● **ASSIGNMENT**: Only the lines of the listing below that run from the line with "The intensity of" through the line with "Split into two" are to be set down, word for word. Pictures stay out.

● **DATA**:
════════════════
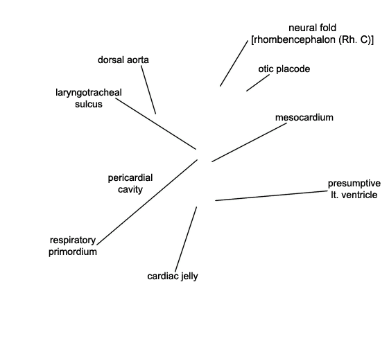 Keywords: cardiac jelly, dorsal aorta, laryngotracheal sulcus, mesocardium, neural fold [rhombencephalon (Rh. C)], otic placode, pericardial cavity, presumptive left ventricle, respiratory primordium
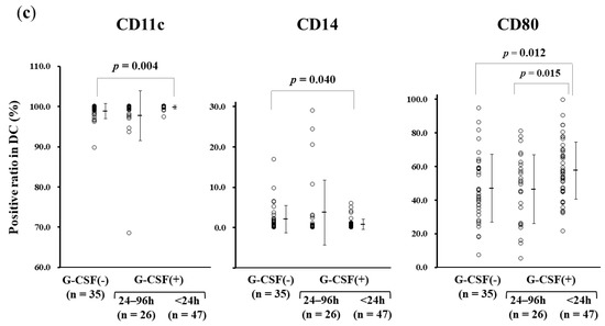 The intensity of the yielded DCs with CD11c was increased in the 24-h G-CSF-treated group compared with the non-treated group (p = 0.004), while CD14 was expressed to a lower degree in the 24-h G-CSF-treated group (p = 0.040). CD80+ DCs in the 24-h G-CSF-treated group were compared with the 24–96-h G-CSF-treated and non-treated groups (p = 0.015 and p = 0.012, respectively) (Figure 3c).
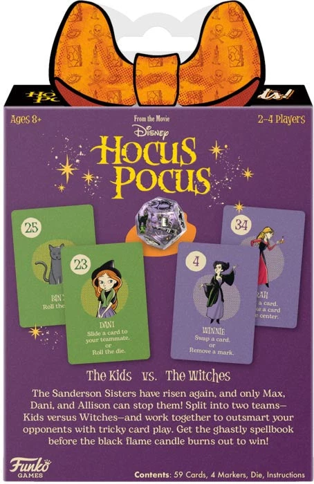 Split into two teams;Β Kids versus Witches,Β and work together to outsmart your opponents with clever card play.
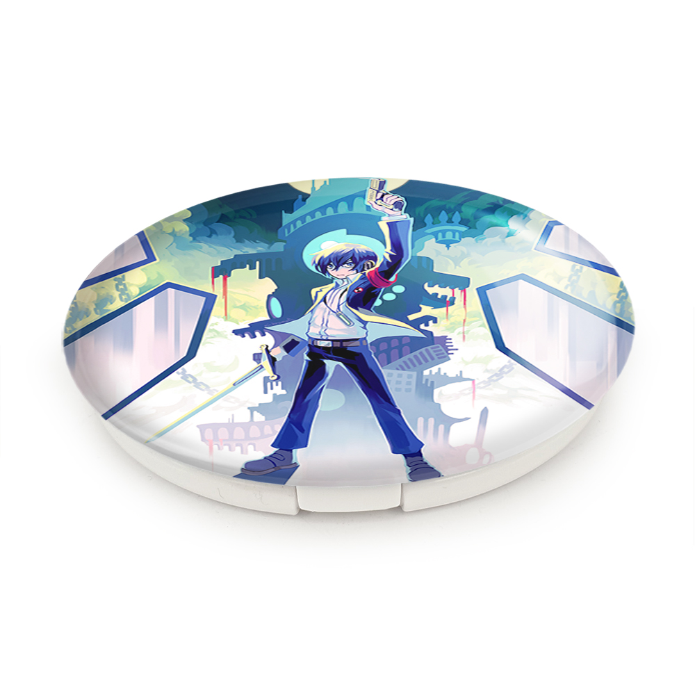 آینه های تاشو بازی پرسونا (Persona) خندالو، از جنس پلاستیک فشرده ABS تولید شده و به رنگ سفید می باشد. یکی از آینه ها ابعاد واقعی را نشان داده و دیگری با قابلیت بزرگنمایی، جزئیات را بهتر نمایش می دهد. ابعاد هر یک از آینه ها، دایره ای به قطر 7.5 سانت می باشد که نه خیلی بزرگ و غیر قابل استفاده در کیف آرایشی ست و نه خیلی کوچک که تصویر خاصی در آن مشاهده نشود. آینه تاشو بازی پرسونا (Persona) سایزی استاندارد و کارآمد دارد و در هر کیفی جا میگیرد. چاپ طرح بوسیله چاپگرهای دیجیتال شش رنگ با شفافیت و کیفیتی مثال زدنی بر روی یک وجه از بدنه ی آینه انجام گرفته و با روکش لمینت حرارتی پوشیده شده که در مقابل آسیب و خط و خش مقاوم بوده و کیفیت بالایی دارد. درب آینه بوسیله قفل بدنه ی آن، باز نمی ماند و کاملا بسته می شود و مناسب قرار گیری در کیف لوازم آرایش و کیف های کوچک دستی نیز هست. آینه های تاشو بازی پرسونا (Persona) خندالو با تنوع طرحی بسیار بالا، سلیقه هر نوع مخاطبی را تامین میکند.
════════════════
● **RESPONSE BELOW**:
 The intensity of the yielded DCs with CD11c was increased in the 24-h G-CSF-treated group compared with the non-treated group (p = 0.004), while CD14 was expressed to a lower degree in the 24-h G-CSF-treated group (p = 0.040). CD80+ DCs in the 24-h G-CSF-treated group were compared with the 24–96-h G-CSF-treated and non-treated groups (p = 0.015 and p = 0.012, respectively) (Figure 3c).
 Split into two teams;Β Kids versus Witches,Β and work together to outsmart your opponents with clever card play.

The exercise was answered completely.